The effectiveness of Clinton’s image as a predictor of candidate choice is quite
erratic. It varies from a high of 83.9 percent in Georgia to a low of 62.0 percent in
Connecticut and Massachusetts. The prediction rate averages 67.3 percent, but this
measure is somewhat misleading (standard deviation, 6.8). The prediction rates in New
England primaries are especially low.
Consider how well Clinton’s performance predicts choice. Its effectiveness mirrors
almost exactly Clinton’s personal image; these two prediction rates are highly correlated
(r = .92). Since performance seems to predict choice as well as personal image, instant
election night analyses may have focused more on performance, surely the more
traditional and perhaps also the more acceptable basis for choosing between Gore and
Bradley. The statistical similarities between performance and personal image may have
concealed the effects of the Clinton Factor.

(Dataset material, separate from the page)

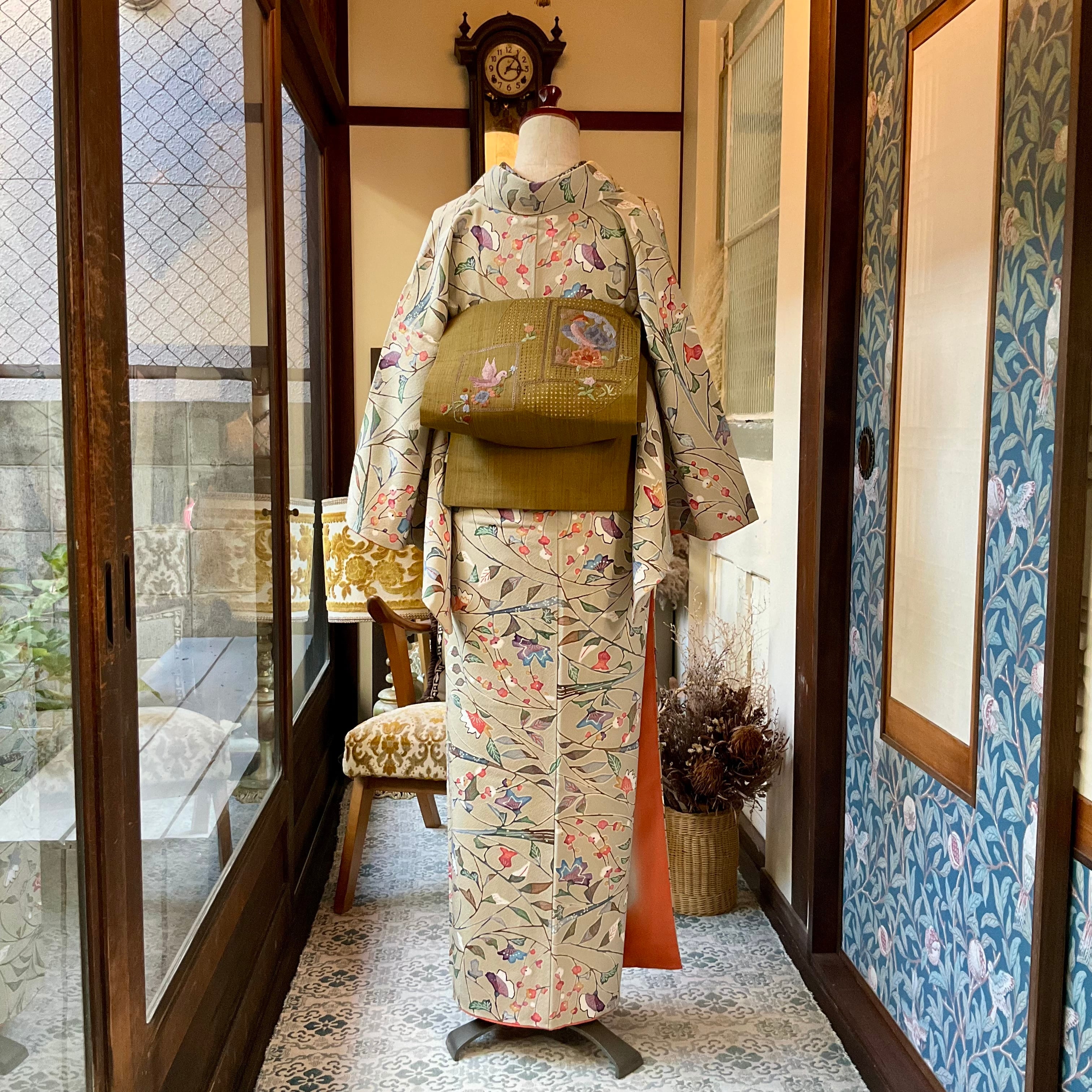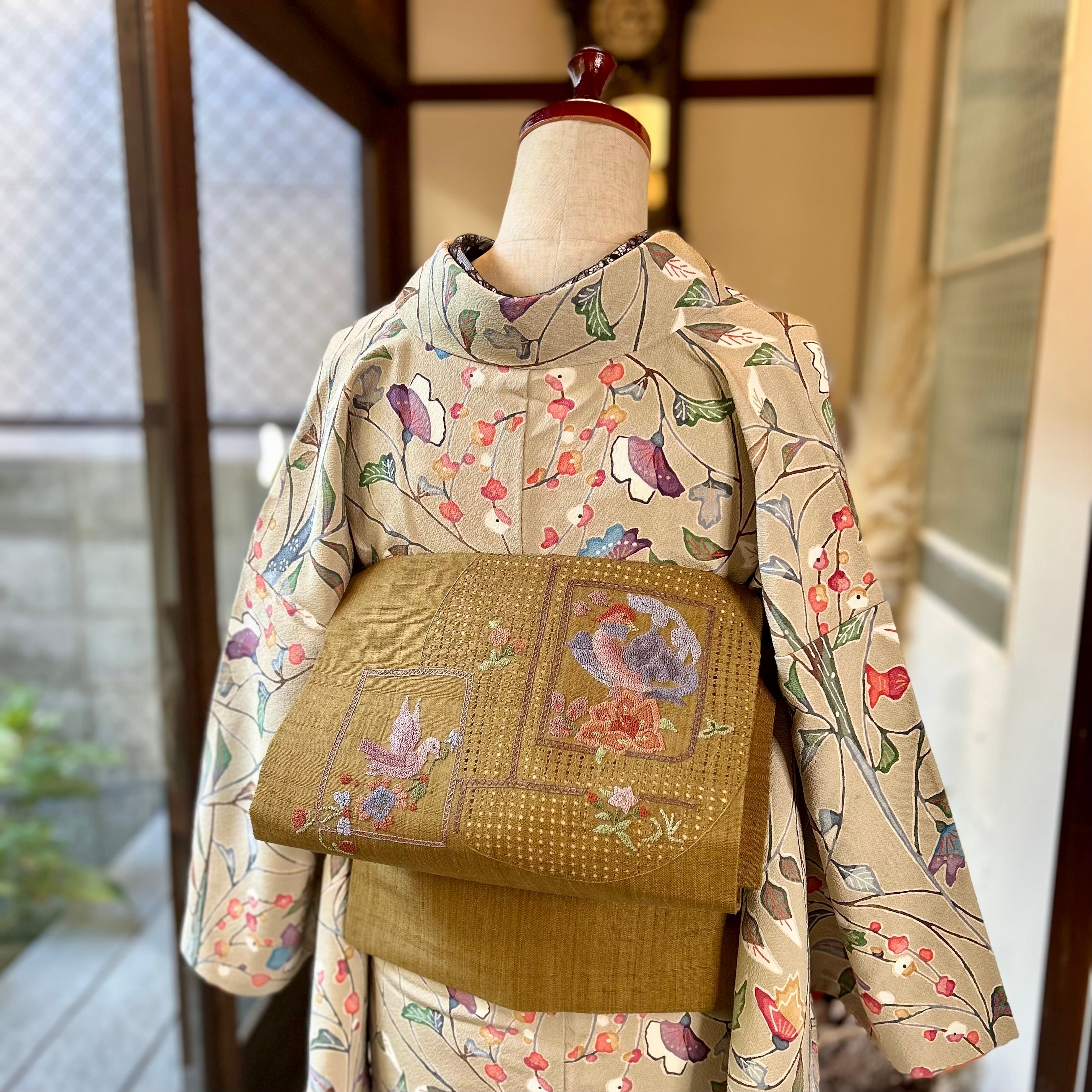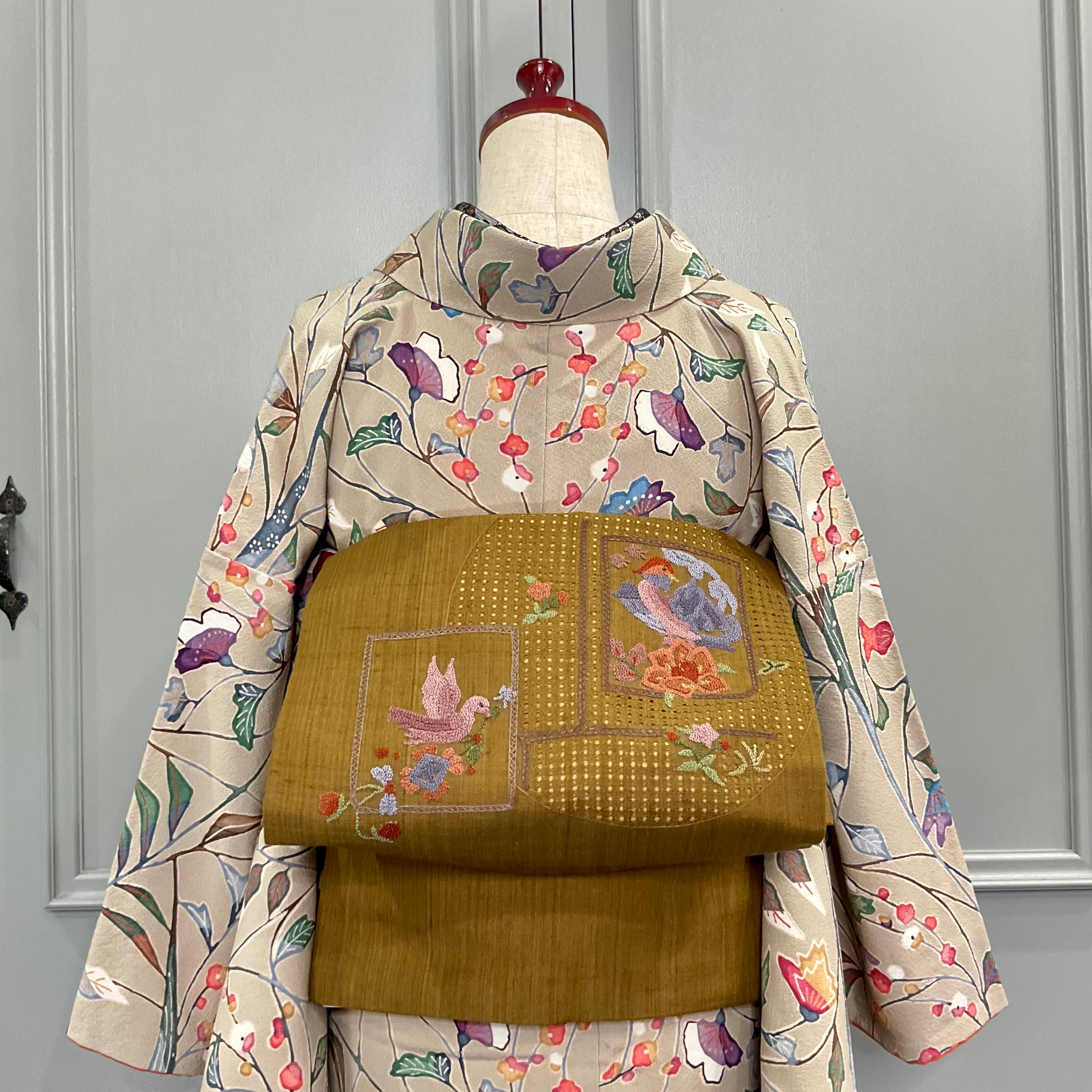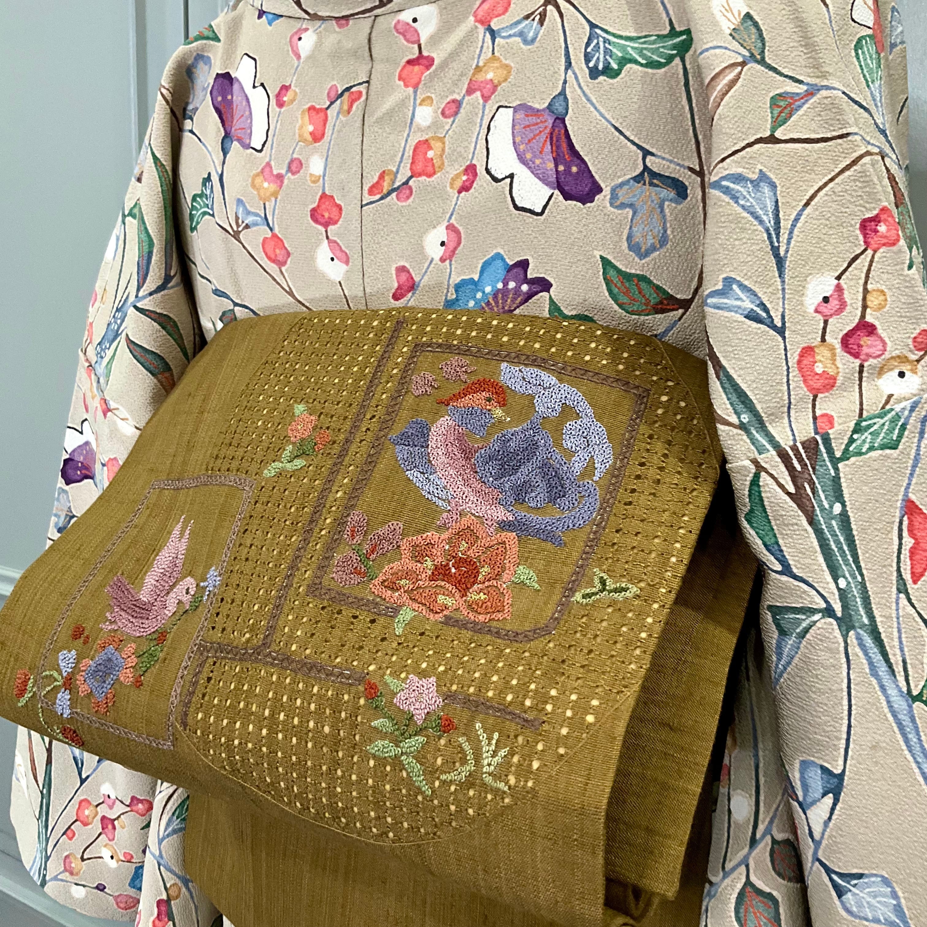 見事な刺繍と鳥の可愛らしさ、鶯茶の落ち着いた色合いの調和がとても魅力的です✨

The addition of other predictors dramatically increases the overall prediction rate
to 81.6 percent. These prediction rates are less erratic (standard deviation, 3.7), and vary
from a low of 77.5 percent in Vermont to a high of 88.8 percent in Georgia. The gaps
between the lines (percentage point differences) visually indicate how much
improvement the seven-variable model makes over the simple one-variable models.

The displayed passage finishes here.